PRECEREBRAL FONTANELLE, ROSTRAL BAR, AND BASICRANIAL PROCESS: The precerebral fontanelle of Tribodus limae is oval in cross section, and is slightly wider across than in Egertonodus basanus (fig. 3B, 6A–D). At the anteroventral tip of the precerebral fontanelle, the base of a forward-directed process is visible, although its anterior portion is missing (fig. 3B: rb). This is interpreted as a rostral bar, as in Egertonodus ( Maisey, 1983) . On the ventral medial surface of the rostral bar (fig. 11) there is a small, ventrally directed process, which appears V-shaped in frontal view. Posterior to this, the ventral surface of the internasal septum is broad and smooth, without a caudal internasal keel medially or paired ethmopalatine processes laterally such as those described in Egertonodus by Maisey (1983: fig.9: cik, ethppr).

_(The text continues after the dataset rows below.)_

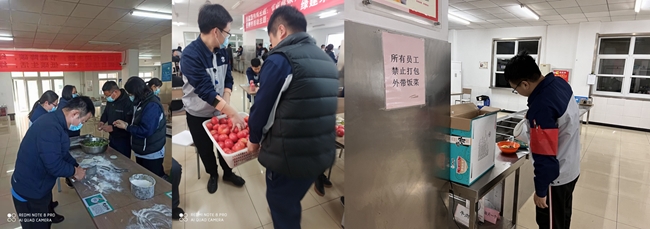 国晶辉团支部不定期给职工分发新鲜水果和蔬菜,并联合条保部开展“包饺子,吃饺子”活动,同时成立青年“后勤小分队”,提供全方位服务保障,不断丰富驻厂职工生活、饮食多样性,保障职工身体健康,使驻厂职工感受到家的温暖。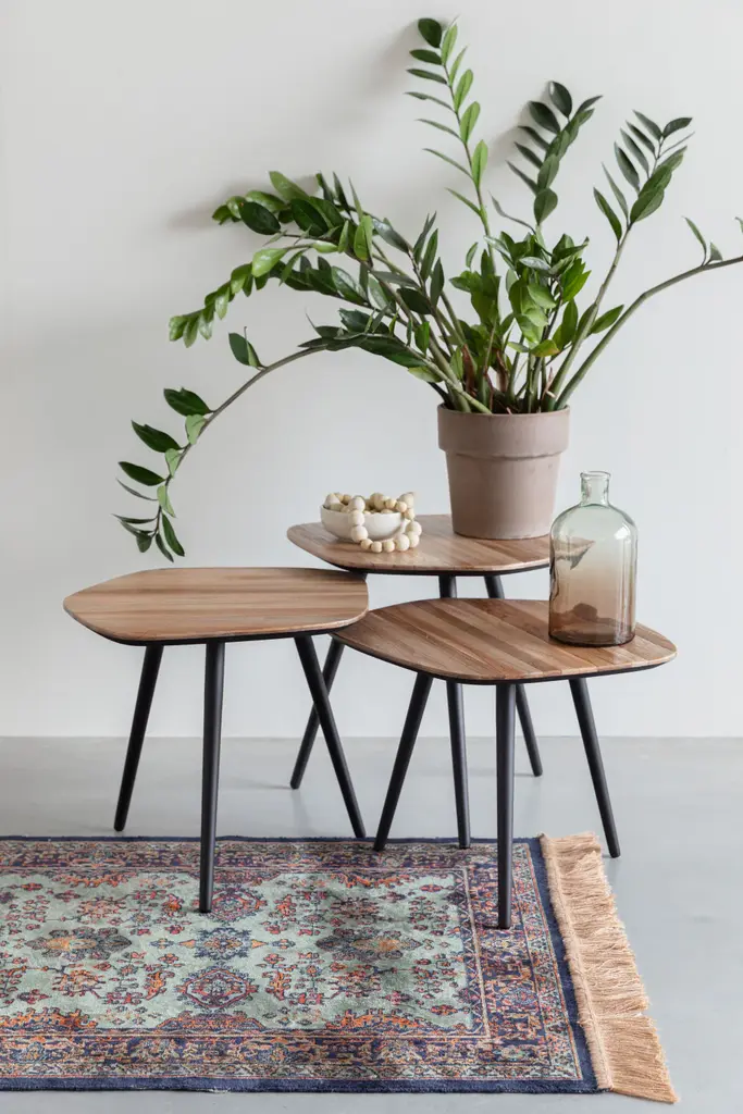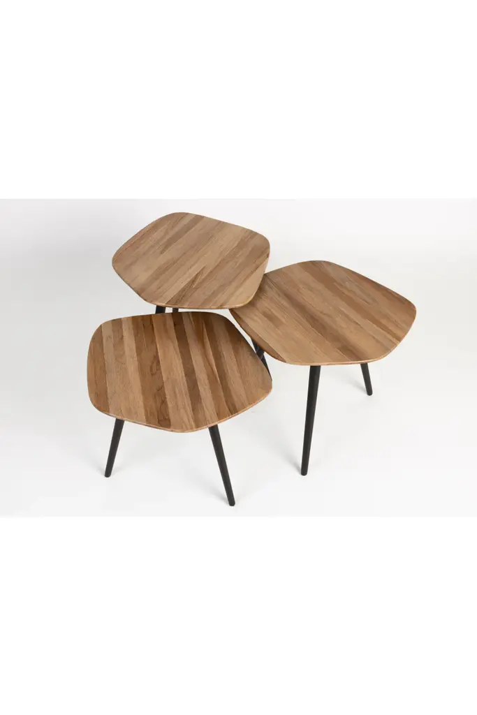 Transform your living space with the versatile Set of 3 Cuties Coffee Tables by DF. Crafted with recycled teak veneer tabletops in natural lacquer finish, these eco-friendly tables evokes a distinct sense of warmth and nostalgia. Each table is supported by three sleek black iron legs and showcases pentagonal tabletops with rounded edges. Their adaptable design allows you to use them individually or as a set, making them a dynamic addition to your interior design. Create a harmonious arrangement, and switch them around to suit your needs, all while maintaining a sleek and modern aesthetic.
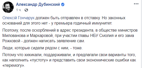 Дубинский потом прямо призвал Гончарука написать заявление об уходе.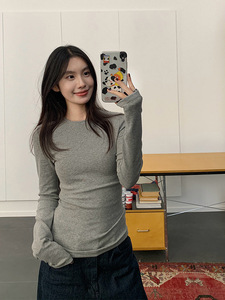 辣妹正肩上衣2025秋冬新款纯色掐腰显身材百搭长袖T恤女装打底衫

Farther posteriorly, a large, medial, ventrally directed process is present on the ventral surface of the basicranium, originating anteriorly directly between the bases of the antorbital processes and extending posteriorly to just below the anterior margin of the optic foramen (figs. 3, 5, 6, 11: mvpr). This process is located immediately anterior to the anterior margin of the palatoquadrate, as illustrated by UERJ-PMB-114 (fig. 5B). This median ventral process was referred to as the basicranial process by Maisey and Carvalho (1997). It is possible that the basicranial process is homologous to the caudal internasal keel of other hybodonts, due to its ventromedial position and location in the anterior region of the braincase (also originating as an outgrowth of the embryonic trabeculae), and its probable similar involvement in jaw suspension (perhaps as an attachment point for soft tissues involved in jaw support in the case of Tribodus , rather than directly abutting the palatoquadrates as in Egertonodus ). In Egertonodus the caudal internasal keel extends from the tip of the rostrum to the anterior margin of the suborbital shelf. This includes the area where the ventral process is located in Tribodus , further suggesting that the two structures could be homologous. However, the basicranial process of Tribodus differs from the caudal internasal keel of Egertonodus in its much shorter anteroposterior extent. It is also possible that the median ventral process of Tribodus is homologous to a ventral interorbital septum, as in Squaliolus ( Maisey, 2007) , which like the process in Tribodus forms a solid wall of cartilage in the basicranium, and is located between the antorbital process and optic foramen.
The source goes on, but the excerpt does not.